== EXERCISE OBJECTIVE ==
Beginning at the line containing "尽管山东独立炼厂今年的运营情" in the material below and ending at the line containing "Jak podaje UOKiK, przyczyną", return each line exactly and add nothing.

== INPUT FOR THIS TASK ==
⁂

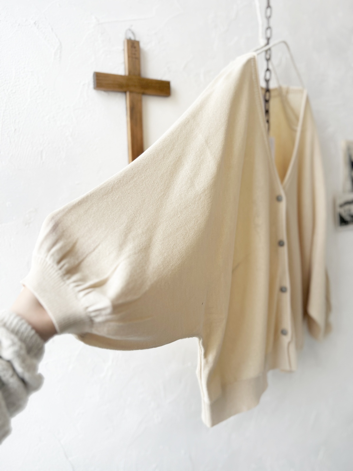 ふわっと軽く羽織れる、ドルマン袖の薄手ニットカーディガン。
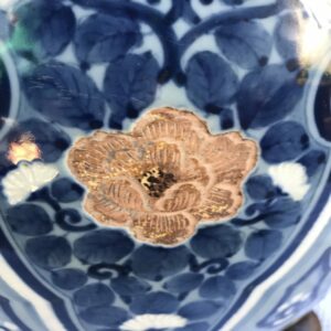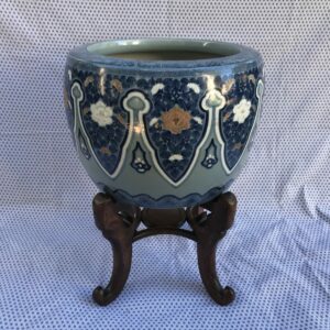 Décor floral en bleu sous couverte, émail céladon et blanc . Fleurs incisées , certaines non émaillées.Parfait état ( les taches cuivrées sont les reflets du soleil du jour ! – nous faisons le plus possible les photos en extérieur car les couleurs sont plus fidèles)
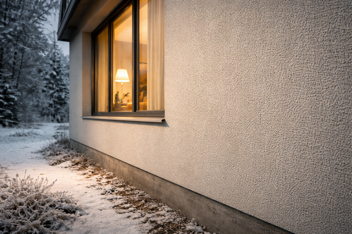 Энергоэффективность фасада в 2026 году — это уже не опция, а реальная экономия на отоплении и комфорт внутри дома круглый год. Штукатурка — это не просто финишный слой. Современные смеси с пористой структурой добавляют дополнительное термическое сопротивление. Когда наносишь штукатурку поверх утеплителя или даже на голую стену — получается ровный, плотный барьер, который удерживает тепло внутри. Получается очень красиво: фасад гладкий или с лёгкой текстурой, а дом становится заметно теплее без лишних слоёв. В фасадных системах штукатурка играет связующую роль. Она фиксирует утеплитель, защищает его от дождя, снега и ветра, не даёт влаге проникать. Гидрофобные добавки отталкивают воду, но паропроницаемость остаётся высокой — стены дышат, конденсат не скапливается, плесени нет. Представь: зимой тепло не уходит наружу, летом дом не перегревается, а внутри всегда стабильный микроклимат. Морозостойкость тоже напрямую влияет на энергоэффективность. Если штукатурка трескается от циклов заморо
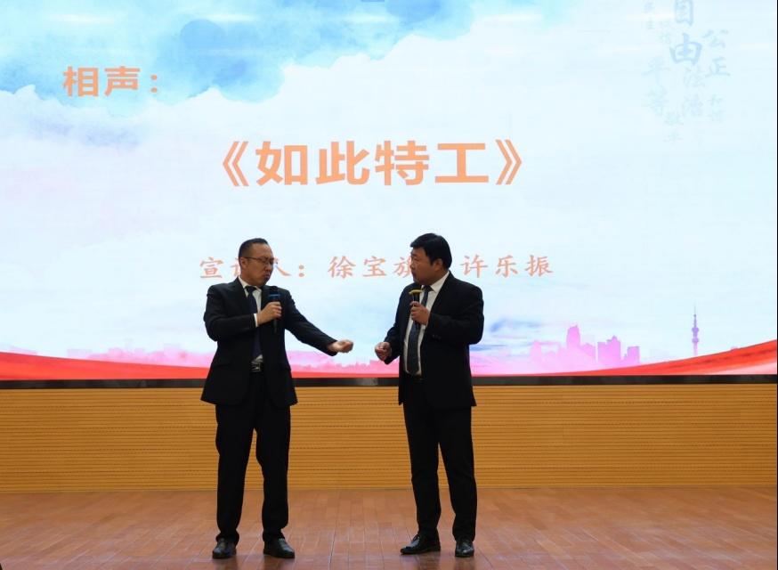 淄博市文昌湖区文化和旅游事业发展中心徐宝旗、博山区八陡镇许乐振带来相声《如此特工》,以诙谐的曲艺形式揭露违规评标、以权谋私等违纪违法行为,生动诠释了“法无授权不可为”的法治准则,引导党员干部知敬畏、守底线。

⁂

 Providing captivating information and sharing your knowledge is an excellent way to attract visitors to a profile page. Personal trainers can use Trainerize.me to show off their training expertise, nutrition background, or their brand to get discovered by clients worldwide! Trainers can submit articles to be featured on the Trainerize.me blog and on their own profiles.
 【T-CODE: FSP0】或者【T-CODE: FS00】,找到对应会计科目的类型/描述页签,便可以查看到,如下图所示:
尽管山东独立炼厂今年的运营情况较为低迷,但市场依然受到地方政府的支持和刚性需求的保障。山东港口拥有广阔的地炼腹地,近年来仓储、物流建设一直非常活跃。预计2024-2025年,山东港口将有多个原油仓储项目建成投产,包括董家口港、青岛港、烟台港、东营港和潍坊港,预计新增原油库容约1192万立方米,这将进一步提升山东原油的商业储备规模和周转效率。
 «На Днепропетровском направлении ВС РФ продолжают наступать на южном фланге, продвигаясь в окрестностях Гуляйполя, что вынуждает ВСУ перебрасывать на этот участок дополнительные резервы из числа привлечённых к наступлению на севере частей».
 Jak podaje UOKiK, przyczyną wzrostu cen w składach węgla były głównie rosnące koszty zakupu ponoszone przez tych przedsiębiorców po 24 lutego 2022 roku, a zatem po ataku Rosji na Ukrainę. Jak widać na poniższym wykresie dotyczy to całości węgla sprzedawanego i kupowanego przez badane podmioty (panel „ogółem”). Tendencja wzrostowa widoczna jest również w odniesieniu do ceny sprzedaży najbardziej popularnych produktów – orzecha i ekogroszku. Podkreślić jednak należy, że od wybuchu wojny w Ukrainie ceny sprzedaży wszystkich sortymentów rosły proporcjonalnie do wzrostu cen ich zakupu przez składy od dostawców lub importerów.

⁂

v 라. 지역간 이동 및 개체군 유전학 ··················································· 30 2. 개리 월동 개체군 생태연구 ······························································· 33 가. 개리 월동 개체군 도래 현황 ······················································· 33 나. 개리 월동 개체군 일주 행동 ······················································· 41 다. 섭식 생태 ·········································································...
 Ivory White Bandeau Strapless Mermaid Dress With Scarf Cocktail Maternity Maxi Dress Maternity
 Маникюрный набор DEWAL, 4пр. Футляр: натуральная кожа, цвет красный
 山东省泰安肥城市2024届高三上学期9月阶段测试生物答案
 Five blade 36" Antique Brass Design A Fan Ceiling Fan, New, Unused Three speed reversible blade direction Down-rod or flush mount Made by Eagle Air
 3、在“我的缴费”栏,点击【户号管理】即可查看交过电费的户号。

⁂

== REPLY TO THE TASK ==
尽管山东独立炼厂今年的运营情况较为低迷,但市场依然受到地方政府的支持和刚性需求的保障。山东港口拥有广阔的地炼腹地,近年来仓储、物流建设一直非常活跃。预计2024-2025年,山东港口将有多个原油仓储项目建成投产,包括董家口港、青岛港、烟台港、东营港和潍坊港,预计新增原油库容约1192万立方米,这将进一步提升山东原油的商业储备规模和周转效率。
 «На Днепропетровском направлении ВС РФ продолжают наступать на южном фланге, продвигаясь в окрестностях Гуляйполя, что вынуждает ВСУ перебрасывать на этот участок дополнительные резервы из числа привлечённых к наступлению на севере частей».
 Jak podaje UOKiK, przyczyną wzrostu cen w składach węgla były głównie rosnące koszty zakupu ponoszone przez tych przedsiębiorców po 24 lutego 2022 roku, a zatem po ataku Rosji na Ukrainę. Jak widać na poniższym wykresie dotyczy to całości węgla sprzedawanego i kupowanego przez badane podmioty (panel „ogółem”). Tendencja wzrostowa widoczna jest również w odniesieniu do ceny sprzedaży najbardziej popularnych produktów – orzecha i ekogroszku. Podkreślić jednak należy, że od wybuchu wojny w Ukrainie ceny sprzedaży wszystkich sortymentów rosły proporcjonalnie do wzrostu cen ich zakupu przez składy od dostawców lub importerów.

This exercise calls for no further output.